Apache spark 将toEpochDate与带有Spark Scala的数据帧一起使用的语法-优雅,apache-spark,apache-spark-sql,Apache Spark,Apache Spark Sql,以下是RDD在epochDate派生方面的优点和简单之处: val rdd2 = rdd.map(x => (x._1, x._2, x._3, LocalDate.parse(x._2.toString).toEpochDay, LocalDate.parse(x._3.toString).toEpochDay)) RDD都是字符串类型。得到了预期的结果。例如,获取以下信息: ...(Mike,2018-09-25,2018-09-30

以下是RDD在epochDate派生方面的优点和简单之处:

val rdd2 = rdd.map(x => (x._1, x._2, x._3,
                         LocalDate.parse(x._2.toString).toEpochDay, LocalDate.parse(x._3.toString).toEpochDay))
RDD都是字符串类型。得到了预期的结果。例如,获取以下信息:

...(Mike,2018-09-25,2018-09-30,17799,17804), ...
如果DF中有一个字符串,那么尝试同样的操作对我来说太棘手了,如果可能的话,我希望看到一些优雅的东西。

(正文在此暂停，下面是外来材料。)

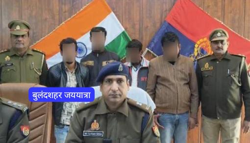 बुलंदशहर, डेस्क (जय यात्रा): जनपद बुलंदशहर के थाना शिकारपुर पुलिस ने सोमवार को शिवम वर्मा की हत्या का सफल अनावरण करते हुए घटना में संलिप्त चार को गिरफ्तार किया है जिनके कब्जे पुलिस को आलाकत्ल तमंचा व घटना में प्रयुक्त गाड़ी बरामद हुई है। गिरफ्तार आरोपियों ने पूछताछ में पुलिस को बताया कि मृतक शिवम वर्ष-2024 में आरोपी विक्की गुप्ता की पत्नी को अपने साथ भगा ले गया था। इस सम्बन्ध में थाना कोतवाली देहात पर अभियोग पंजीकृत कराया गया था। पुलिस द्वारा विक्की की पत्नी को बरामद कर लिया गया था, लेकिन मृतक शिवम उसकी पत्नी से मिलने आता रहता था। इसी बात से से क्षुब्द्ध होकर विक्की ने अपने साथियो के साथ मिलकर शिवम की हत्या की योजना बनायी तथा हत्या करने के बदले तीन लाख रुपये तय किये। 15 नवंबर 2025 को मृतक दिल्ली से आया था जिसको विक्की गुप्ता ने भूड चौराहे पर शराब पीते हुए देख लिया तथा इसकी सूचना अपने साथियों को दे दी जिनके द्वारा मृतक शिवम को अपनी गाडी बैठाकर आरोपी दिलशाद के घर पर गांव भाईपुरा ले गये तथा उसके साथ मारपीट की गयी। इसके बाद रात में शिवम को थाना शिकारपुर क्षेत्रान्तर्गत खुर्जा-शिकारपुर रोड पर काली नदी पुल पर ले जाकर गोली मारकर हत्या कर दी तथा उसके शव को काली नदी मे फैक दिया। हत्या के बाद आरोपी विक्की गुप्ता ने अपने साथियो को 2.10 लाख रुपये दे दिये थे।
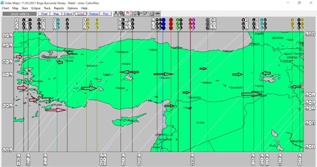 Yukarıda 11 Mayıs’ta Boğa burcunda meydana gelecek yeniaya ait ülkemizin astrokartografik haritasını görmektesiniz. Harita üzerinde işaretli hatlar ve çevresi, yeniay enerjisinden daha belirgin etkilenmesi olası yerlerdendir.
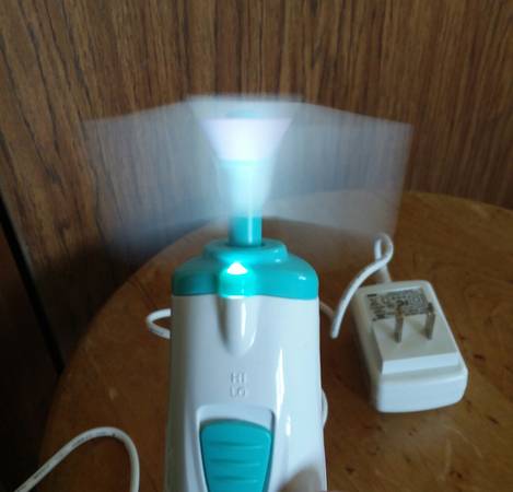 When you push the button on the side of the storage case, gentle air flows out of the "mouth".
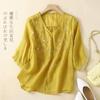 V-neck Five-quarter-sleeved Embroidered Cotton and Linen Shirt for Women's 2025 Summer New Thin Top with Loose Temperament and Beautiful Shirt

像这样的东西和变化不起作用

val df2 = df.withColumn("s", $"start".LocalDate.parse.toString.toEpochDay) 
获取:

我理解这一错误,但转换的优雅方式是什么?

$“start”
的类型是
ColumnName
而不是
String

您需要定义一个自定义项

示例如下:

scala> import java.time._
import java.time._

scala> def toEpochDay(s: String) = LocalDate.parse(s).toEpochDay
toEpochDay: (s: String)Long

scala> val toEpochDayUdf = udf(toEpochDay(_: String))
toEpochDayUdf: org.apache.spark.sql.expressions.UserDefinedFunction = UserDefinedFunction(<function1>,LongType,Some(List(StringType)))

scala> val df = List("2018-10-28").toDF
df: org.apache.spark.sql.DataFrame = [value: string]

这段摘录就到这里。